# Lab 6: Support Vector Machines and Percolator

In this lab we'll be taking an in-depth dive into Percolator, a proteomics tool that highlights two of the methods we've discussed in the course so far: Support vector machines (SVMs) and cross-validation. We'll start by discussing how Percolator works, what the logging messages it provides mean, and finally try to break it by violating the machine learning prime directive.

## Exercise 1: What is Percolator and how does it work?

Percolator is a proteomics tool that is used to re-score peptide-spectrum matches (PSMs) from a proteomics experiment using a machine learning algorithm ([Käll et al](https://www.nature.com/articles/nmeth1113)). It is extremely popular and is integrated with other tools like Proteome Discoverer, Mascot, and EncyclopeDIA. As a tool, Percolator both boosts the number of peptides we can detect in proteomics experiments with its machine learning algorithm and provides a consistent statical framework to interpret the resulting identifications. Although Percolator was specifically developed for proteomics data, it provides and excellent example of using an SVM and cross-validation to great effect.

Here's how it works:

### Target-decoy competition can be used to assess error rates.

In proteomics experiments, we are often interested in quantifying how confident we are about how assignment of peptides to tandem mass spectra by a database search engine.
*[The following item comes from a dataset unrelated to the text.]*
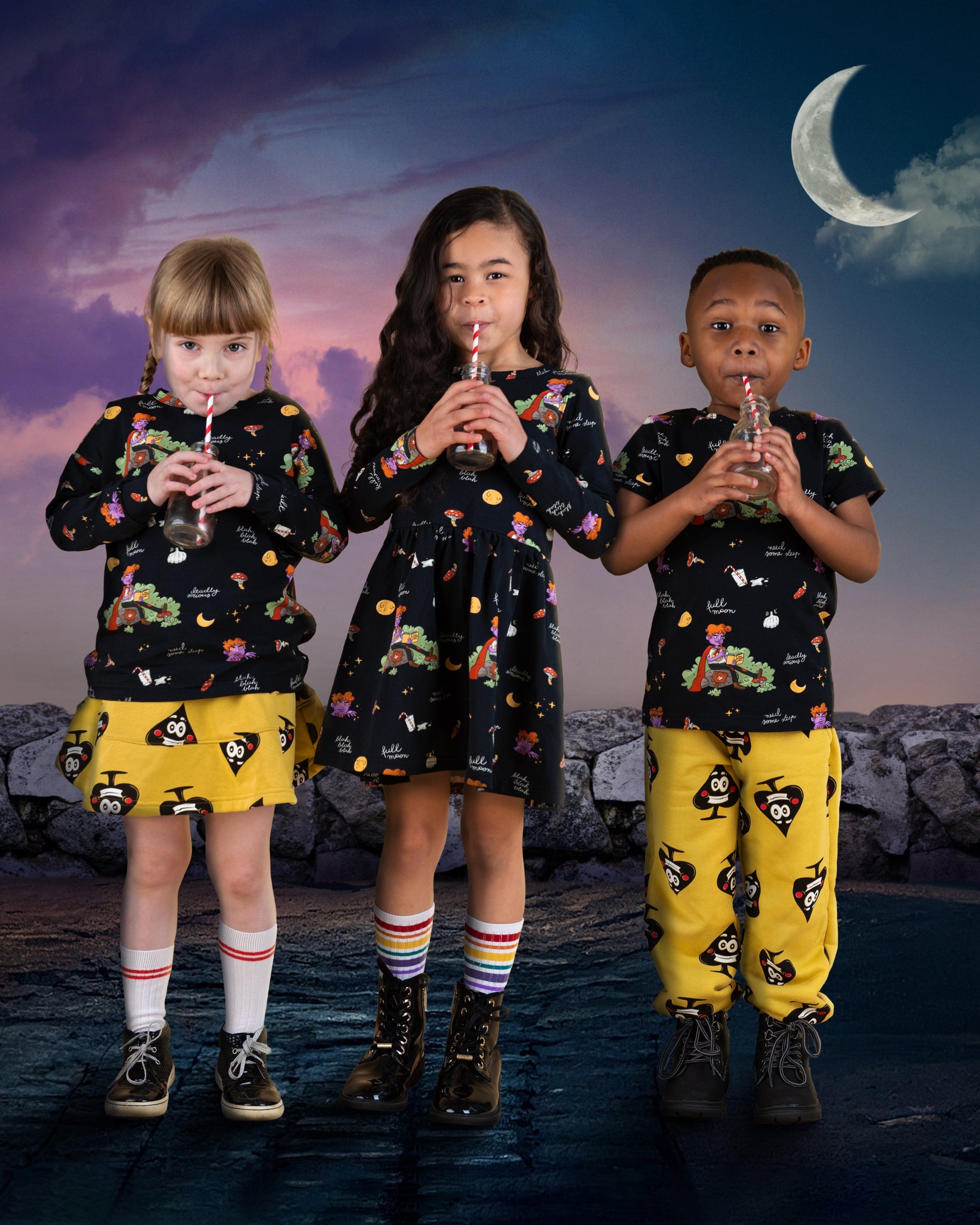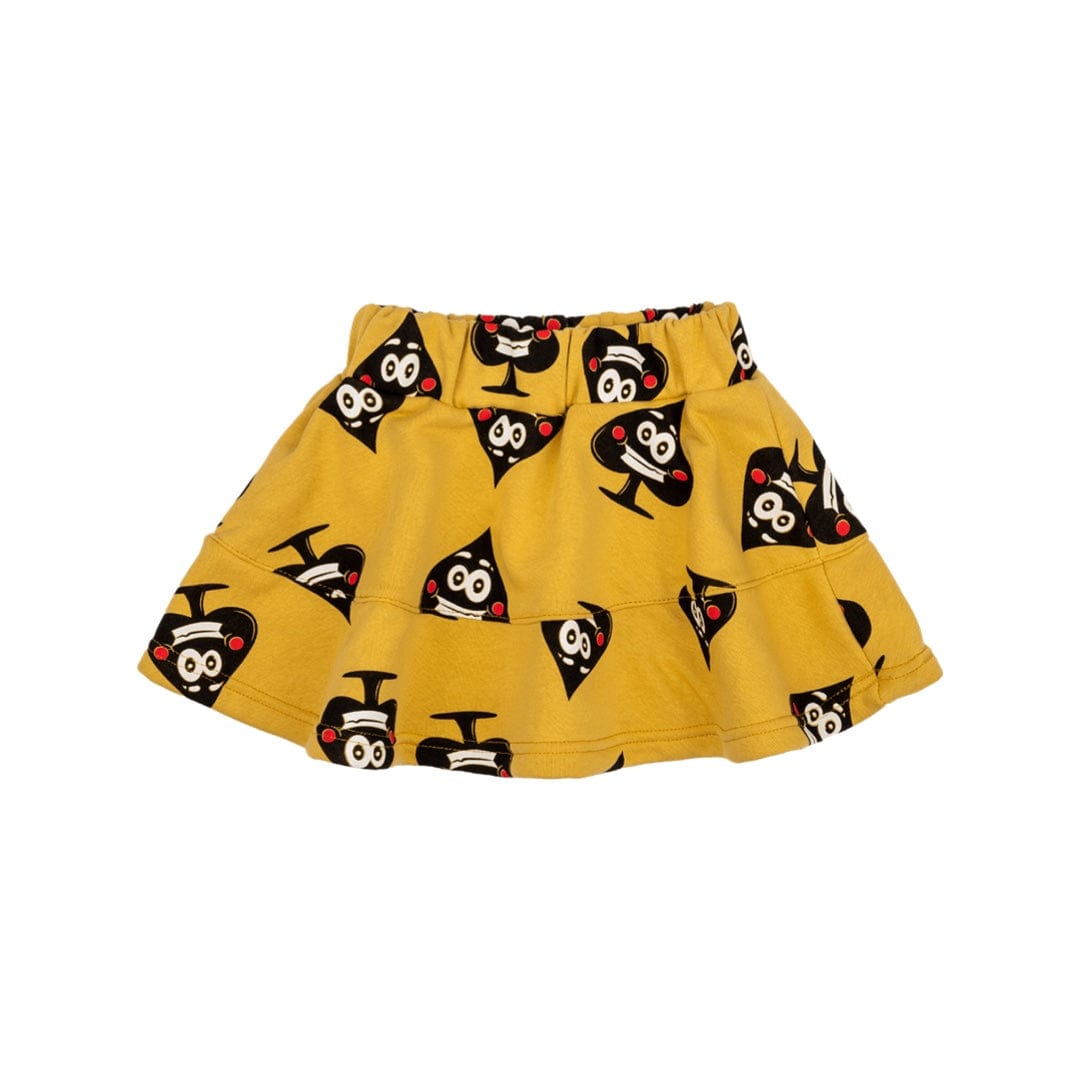 Raspberry Republic skirt in sweat material. Made in fun ace of spades print on bright yellow fabric. Match with many of Raspberry Republic's tops this AW23 season.

By far the most popular method to assign confidence estimates to our PSMs is using target-decoy competition (also known as the target-decoy approach). The priciples behind target-decoy competition are suprising simple, but powerful for interpreting proteomics data.

To perform target-decoy competition, we start by generating decoy peptides from a protein database by shuffling the real peptides sequences (the *targets*), but maintaining the terminal residues to preserve enzymatic cleavage sites. These new decoy sequences should not be present in the sample that was analyzed, and thus let us see how well incorrect PSMs are scored. If we only allow one peptide to be assigned to each spectrum, the the target and decoy sequence must compete against one another for each asignment. *A small aside: Reversing peptide sequences is just one instance of shuffling the sequence.* 

We might expect to see a score distribution from our search engine that looks like the one below:
![](images/tdc.jpg)

We can then draw a vertical line that is our score threshold, above which we accept our PSMs and below which we reject them. Using the target and decoy PSMs that we accept, we can then estimate the false discovery rate (FDR) for this set PSMs as: 

$$ FDR = \frac{\#~decoys}{\#~targets} $$ 

*The exact formula Percolator uses is slightly more complicated, but is approximately equivalent to this in most conditions*

**Questions to discuss:**
1. What assumptions does target-decoy competition rely on to be accurate?
2. When would decoy sequences provide a poor estimate of the false discovery rate?

### Percolator uses an SVM to separate high-scoring target sequences from decoy sequences.

Thus far we've discussed supervised and unsuperised learning in this course, and we've only seen SVMs used for the supervised learning tasks. However, the Percolator's task is actually an instance of something new: semi-supervised learning. 

Semi-supervised learning tasks are tasks where the labels you want your model to predict are noisy—that is, some are incorrect or missing. In the case of Percolator, we ideally want to separate our correct PSMs from our incorrect PSMs. However, we don't know which are the correct PSMs to begin with! Instead, we know that target PSMs are either correct or incorrect and we assume that our decoy PSMs are all incorrect.